Message par Frédéric » 09 Avr 2009, 04:28

Nous jouions à 5 et le paradigme était une mandarine.

Voici à peu près comment nous avons sauvé l'écosystème d'une mandarine :
Les asticots qui grouillaient dans la chair de la mandarine étaient affolés, la mandarine commençait à s'affaisser pour une obscure raison. Une coccinelle avait plongé au cœur du microcosme fruitier et le pourrissait à vive allure.

Pendant cette première partie de notre séance de jeu, j'ai seulement apporté des éléments de décor, de situation et j'ai joué les PNJ : les asticots, alors que d'autres joueurs jouaient leurs PJ dans ces scènes.

Déjà, ici, il y a une certaine complexité : je n'ai pas de PJ, je suis MJ intérimaire.
J'ai par exemple décrit le fait que la chair du fruit se ramollissait et suintait de pus (héhéhé), j'ai joué les asticots qui hurlaient "au secours, la mandarine est en train de pourrir, sauvez-nous !"

Une petite analyse s'impose :
Niveau utilitaire : je n'ai proposé des ajouts que pour enrichir la situation en développant le canon (me demander pour précision sur les termes soulignés).
Niveau sympathique : s'il n'y a pas de PJ, c'est le monde, voire l'espace imaginé et partagé qui sont au cœur de la relation du joueur à la fiction. Ici donc, ce sont selon moi les nécessité "esthétique et crédibilité de la fiction" qui motivaient mes choix.

Ensuite, j'ai introduit mon personnage qui se trouvait au milieu d'un verger immense.
Un autre joueur a fait intervenir un géant qui m'a attrapé et mis en cage et là, j'ai ajouté que sur la table de son salon, il y avait un plateau de mandarine en train de pourrir.
Il y a eu un moment où l'un des joueurs a décidé que la mandarine devenait telle qu'elle parce que le géant voulait les empêcher de mourir, ce qui les rendait inaptes à abriter la vie...

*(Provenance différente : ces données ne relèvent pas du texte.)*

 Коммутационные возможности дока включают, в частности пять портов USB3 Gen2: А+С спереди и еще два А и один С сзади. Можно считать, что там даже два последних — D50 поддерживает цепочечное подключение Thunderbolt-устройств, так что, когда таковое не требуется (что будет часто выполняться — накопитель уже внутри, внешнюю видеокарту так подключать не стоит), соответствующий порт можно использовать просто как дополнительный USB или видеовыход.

Dans cette deuxième partie, mon PJ est entré en jeu, mais il n'a été que spectateur des évènements que je créais et que les autres joueurs apportaient : je n'ai pas fait agir mon PJ une seule fois : il était là et observait les éléments et subissait les actions des PNJ.
Puis il a parlé avec le géant pour le raisonner et j'ai lancé les dés pour tenter de résoudre le problème de la mandarine... Quand il est devenu actif, j'ai cessé d'être neutre, un dieu aveugle qui crée des problèmes pour que son monde tourne, je suis devenu altruiste, concerné par le problème que mon PJ devait résoudre.

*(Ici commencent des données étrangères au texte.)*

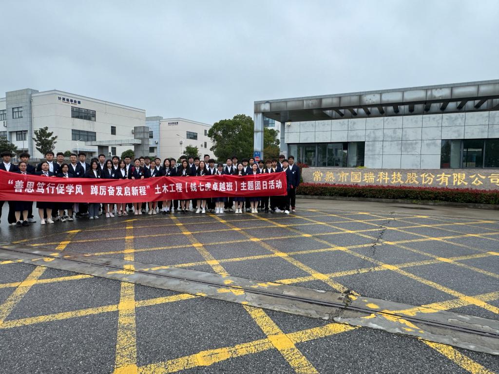 作者:郭凡 发布日期:2024-10-28 浏览:次为深化校企合作,积极推进学风建设,增强班级凝聚力,2024年10月26日,轻小说 2024级“钱七虎卓越班”全体成员前往常熟市国瑞科技股份有限公司开展“善思笃行促学风,踔厉奋发启新程”主题团日活动。

Ce que je constate, c'est que souvent, les joueurs ont du mal à jongler entre la posture d'acteur, d'auteur et de metteur en scène. Romaric, pourtant pas un bleu, dans notre séance de jeu était quasiment incapable de sortir de la posture d'acteur. Son personnage n'agissait même pas, il ne faisait que parler.
Comme on choisit à la fois ce que fait notre personnage et ce qui lui est extérieur, on se retrouve parfois dans un sentiment que c'est le personnage qui construit le monde (très solipsiste, ça) de manière plus ou moins consciente, comme Romaric le décrit dans mon premier CR.
Souvent les joueurs qui ont l'habitude d'être MJ sont moins gênés, mais il semble que ça ne soit pas toujours vrai.

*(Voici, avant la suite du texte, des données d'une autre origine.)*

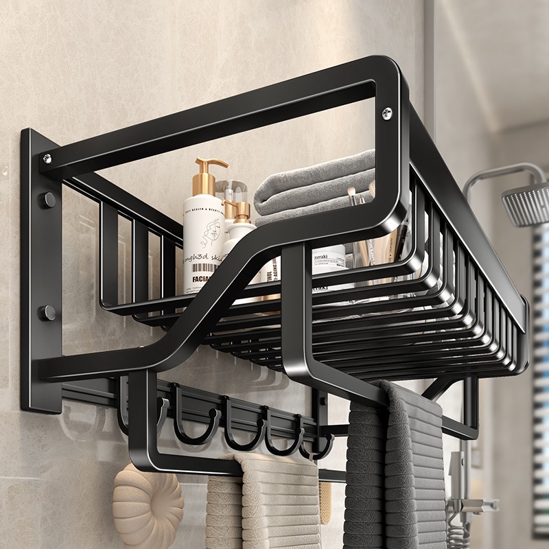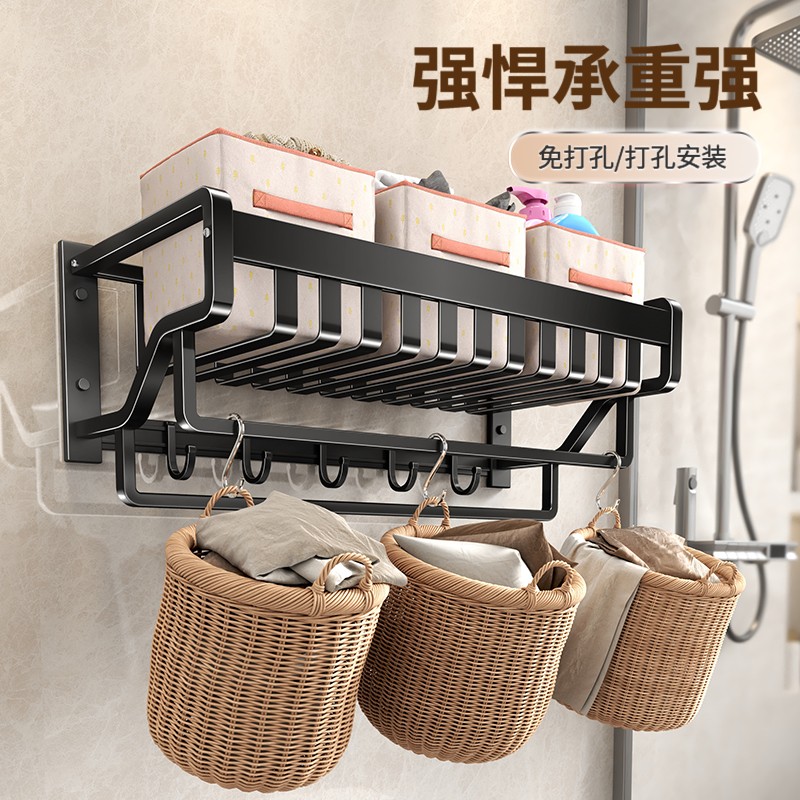 毛巾架化妆室置物架一体免打孔太空铝浴室厕所浴巾架卫浴挂件架子

En réalité, c'est comme s'il fallait être parfois un dieu, parfois un être humain (où l'incarnation de ce dieu, qui n'a pas accès à son omniscience).

Dans Polaris de ben Lehman, la liberté de description des situations est aussi grande, mais les PNJ sont joués surtout par les autres joueurs, ce qui renforce la propriété du joueur sur son PJ. De plus, le principe de conflit met en péril, par de forts enjeux dramatiques l'intégrité du PJ et donc, le joueur qui en a la responsabilité est fortement ancré dans son personnage dans ses moments là, bien qu'il garde la possibilité de décrire le décor, la situation etc. Voire prendre des décisions totalement divergentes avec les motivations supposées du personnage (par exemple, le faire mourir sans que ce soit un suicide)...
Dans Prosopopée, la propriété du joueur sur son perso est irréductible, mais sa responsabilité est peu prégnante puisqu'il ne subit rien, étant immunisé aux problèmes du monde. La seule résistance du monde, en dehors des épreuves de lancer de dés, c'est l'auto-censure et le regard des autres joueurs susceptibles de donner des dés de récompense quand la narration leur plait. La dynamique du jeu est donc flottante, c'est cette spécificité qui rend le jeu si particulier et contemplatif, bien qu'avant de le tester, je croyais cela impossible.

Je pense que ce qui fait l'attrait "conceptuel" de Prosopopée réside en grande partie dans cette complexité de postures. En effet, l'image contemplative questionne la relation de l'homme à son environnement, c'est pour moi un succès que Prosopopée propose une véritable difficulté autour de cette articulation de postures, il faut toujours changer de casquette : là je suis le monde, là je suis mon perso, là je suis les deux.

À partir de là, je vous propose de poursuivre les réflexions autour de la synesthésie (c'est pour cela que j'ai ouvert ce CR dans "parties" et non dans "banc d'essai") et des points que j'ai soulevés.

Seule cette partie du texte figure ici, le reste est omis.